Dataset extract
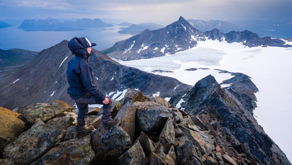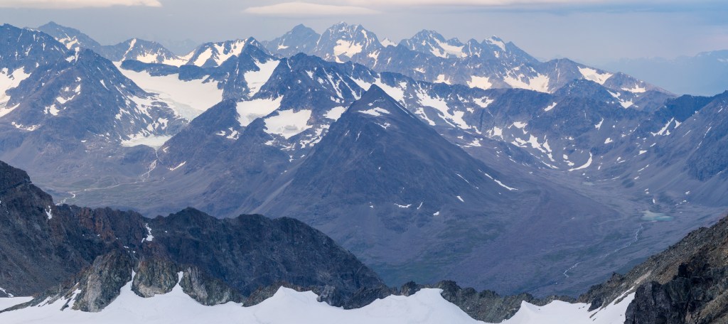 Korkeutta 1219m, alhaalla kruunun pohjalla suuri jäätikkö ja etelän suuntaan aukesi todella hienot näkymät Etelä Lyngenin suurimmille huipuille.
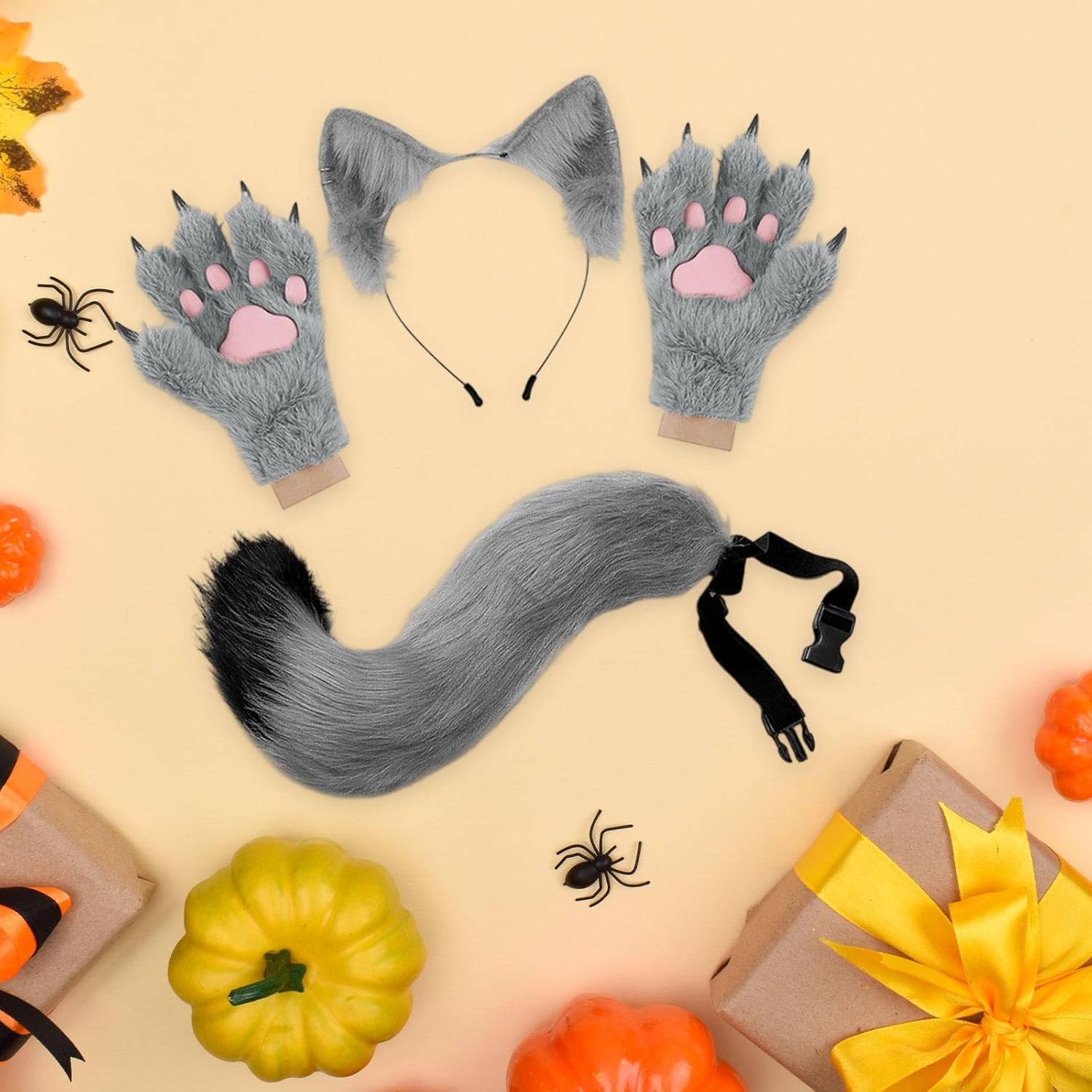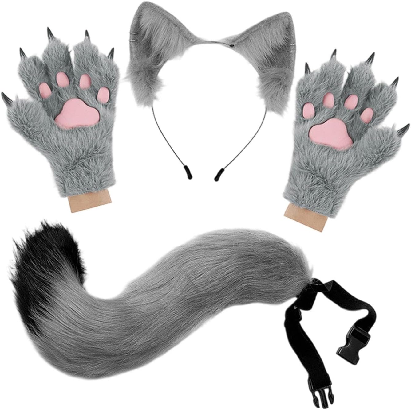 Specifiche: Materiale: Tabella delle taglie: Orecchie: 22 x 22 cm. Coda: 50 x 10 cm. Artigli: 22 x 27 cm. Contenuto della confezione: 1 fascia per capelli. 1 coda 1 paio di guanti. Nota: a causa della misurazione manuale, le dimensioni mostrate possono variare leggermente. Avviso di sicurezza: no.
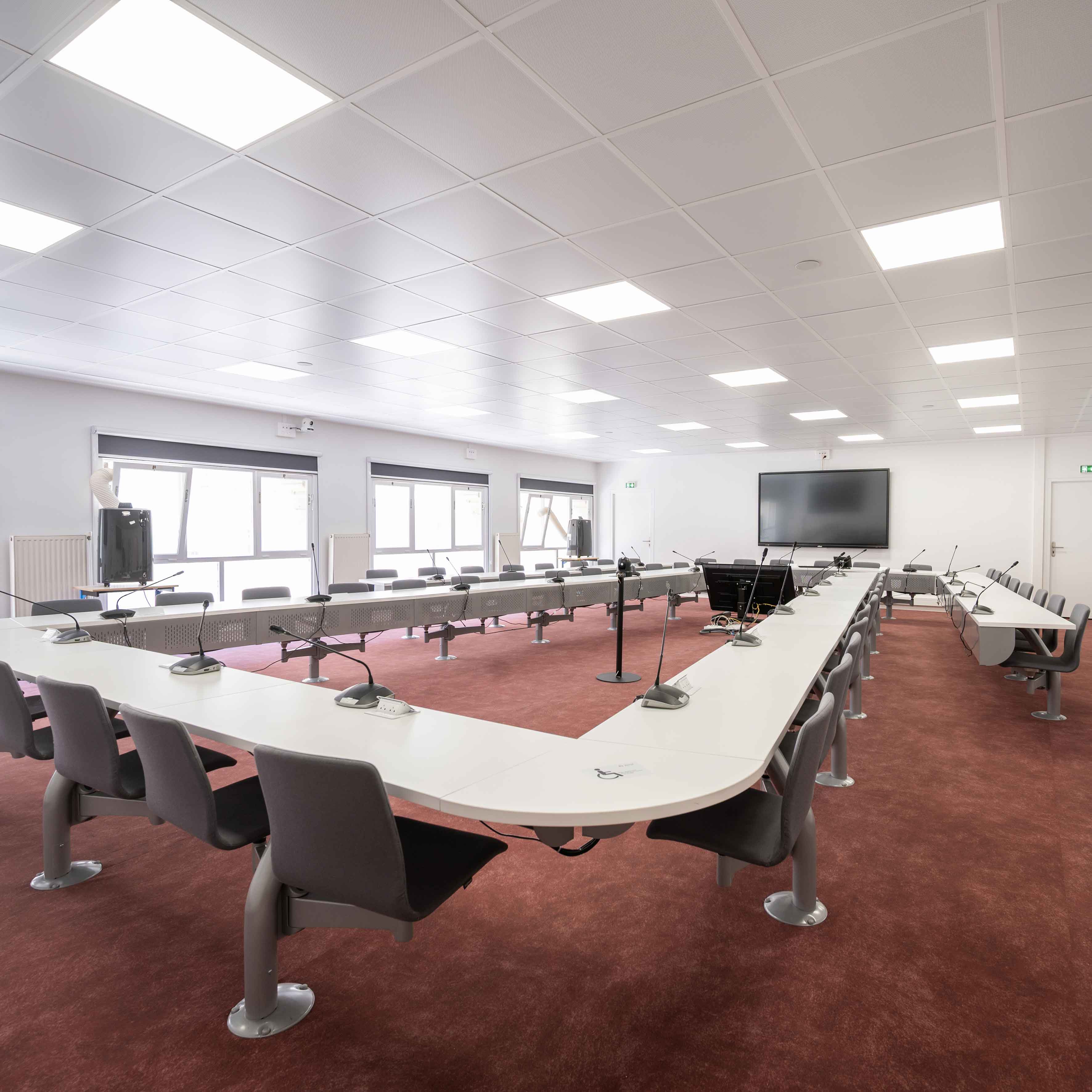 • Un système de micro conférence avec un micro par table (pour 2 participants) et un micro « chairman » pour l’intervenant relié à la sonorisation de la salle et au PC fixe.

Task objective
From the first line to the last, return the material above exactly, apart from the pictures.

Completed exercise
 Korkeutta 1219m, alhaalla kruunun pohjalla suuri jäätikkö ja etelän suuntaan aukesi todella hienot näkymät Etelä Lyngenin suurimmille huipuille.
 Specifiche: Materiale: Tabella delle taglie: Orecchie: 22 x 22 cm. Coda: 50 x 10 cm. Artigli: 22 x 27 cm. Contenuto della confezione: 1 fascia per capelli. 1 coda 1 paio di guanti. Nota: a causa della misurazione manuale, le dimensioni mostrate possono variare leggermente. Avviso di sicurezza: no.
 • Un système de micro conférence avec un micro par table (pour 2 participants) et un micro « chairman » pour l’intervenant relié à la sonorisation de la salle et au PC fixe.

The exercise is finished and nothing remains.